Wherever the string "seen" shows up in the records below, return that line.

Data items:
****************

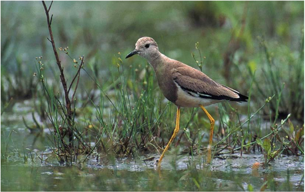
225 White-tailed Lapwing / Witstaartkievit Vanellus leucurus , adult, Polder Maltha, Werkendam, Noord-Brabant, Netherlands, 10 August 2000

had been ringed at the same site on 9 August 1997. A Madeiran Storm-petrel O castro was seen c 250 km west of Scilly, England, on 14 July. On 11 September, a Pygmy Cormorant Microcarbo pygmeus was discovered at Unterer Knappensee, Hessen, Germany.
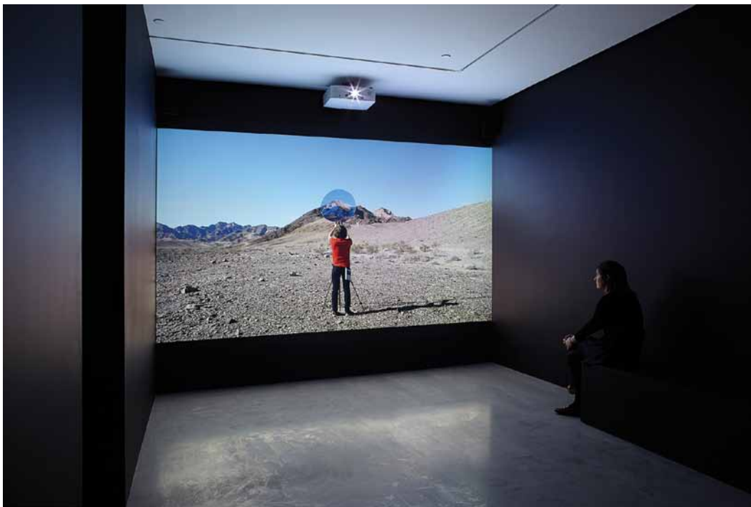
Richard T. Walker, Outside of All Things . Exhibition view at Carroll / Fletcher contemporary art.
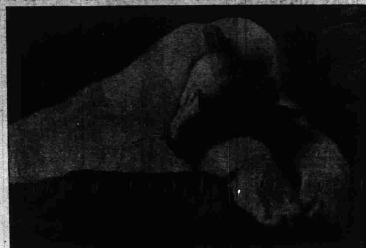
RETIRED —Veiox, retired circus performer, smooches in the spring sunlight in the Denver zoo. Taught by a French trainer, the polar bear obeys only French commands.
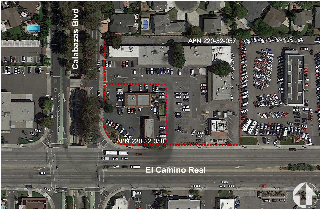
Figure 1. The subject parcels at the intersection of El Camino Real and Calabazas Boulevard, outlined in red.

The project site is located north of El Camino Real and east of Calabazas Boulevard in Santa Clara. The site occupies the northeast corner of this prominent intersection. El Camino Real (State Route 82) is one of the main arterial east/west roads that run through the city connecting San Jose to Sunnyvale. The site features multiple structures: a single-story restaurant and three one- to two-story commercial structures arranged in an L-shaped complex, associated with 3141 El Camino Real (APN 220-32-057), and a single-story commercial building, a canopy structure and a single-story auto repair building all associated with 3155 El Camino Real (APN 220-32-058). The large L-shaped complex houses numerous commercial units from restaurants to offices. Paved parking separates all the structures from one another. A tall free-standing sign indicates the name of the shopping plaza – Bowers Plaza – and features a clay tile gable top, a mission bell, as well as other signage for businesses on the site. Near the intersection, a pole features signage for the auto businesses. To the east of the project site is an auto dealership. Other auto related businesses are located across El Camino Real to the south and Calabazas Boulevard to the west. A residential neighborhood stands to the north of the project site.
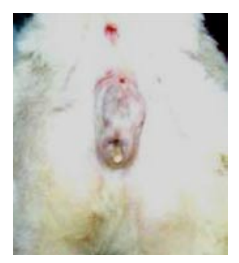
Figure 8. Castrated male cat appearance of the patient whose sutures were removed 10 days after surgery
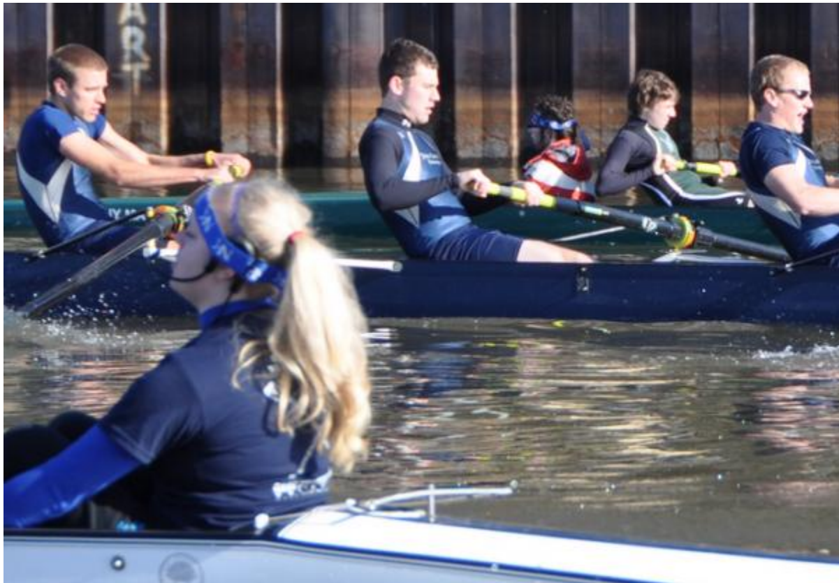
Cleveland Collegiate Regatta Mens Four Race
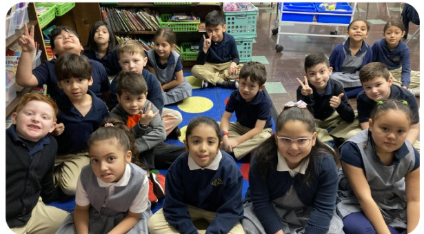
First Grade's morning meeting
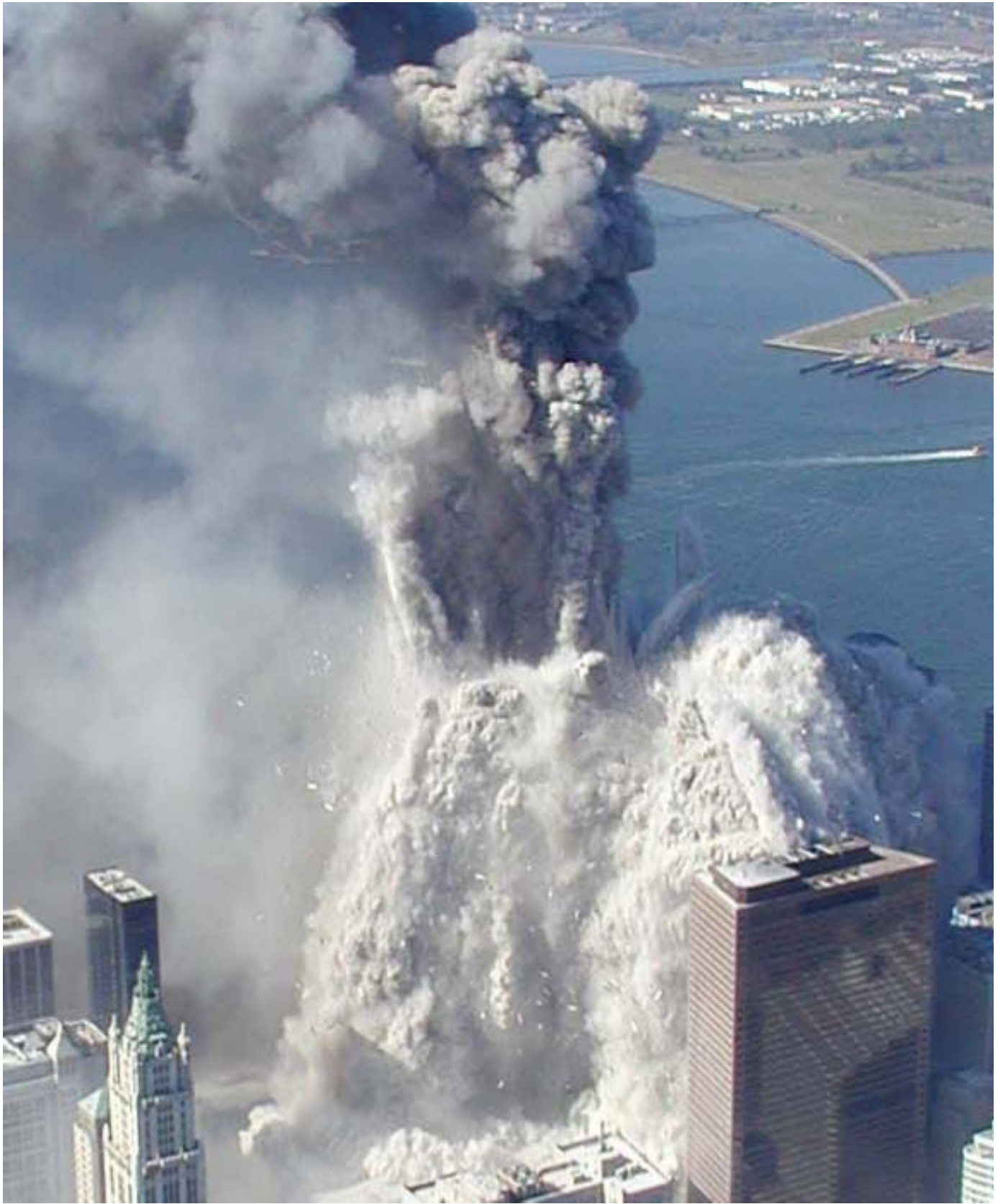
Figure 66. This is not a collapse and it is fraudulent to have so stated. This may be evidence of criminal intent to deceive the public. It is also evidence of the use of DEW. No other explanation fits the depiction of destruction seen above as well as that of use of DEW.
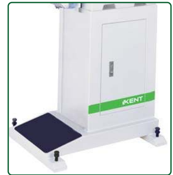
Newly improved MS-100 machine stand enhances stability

****************

**Task answer**
had been ringed at the same site on 9 August 1997. A Madeiran Storm-petrel O castro was seen c 250 km west of Scilly, England, on 14 July. On 11 September, a Pygmy Cormorant Microcarbo pygmeus was discovered at Unterer Knappensee, Hessen, Germany.
Figure 66. This is not a collapse and it is fraudulent to have so stated. This may be evidence of criminal intent to deceive the public. It is also evidence of the use of DEW. No other explanation fits the depiction of destruction seen above as well as that of use of DEW.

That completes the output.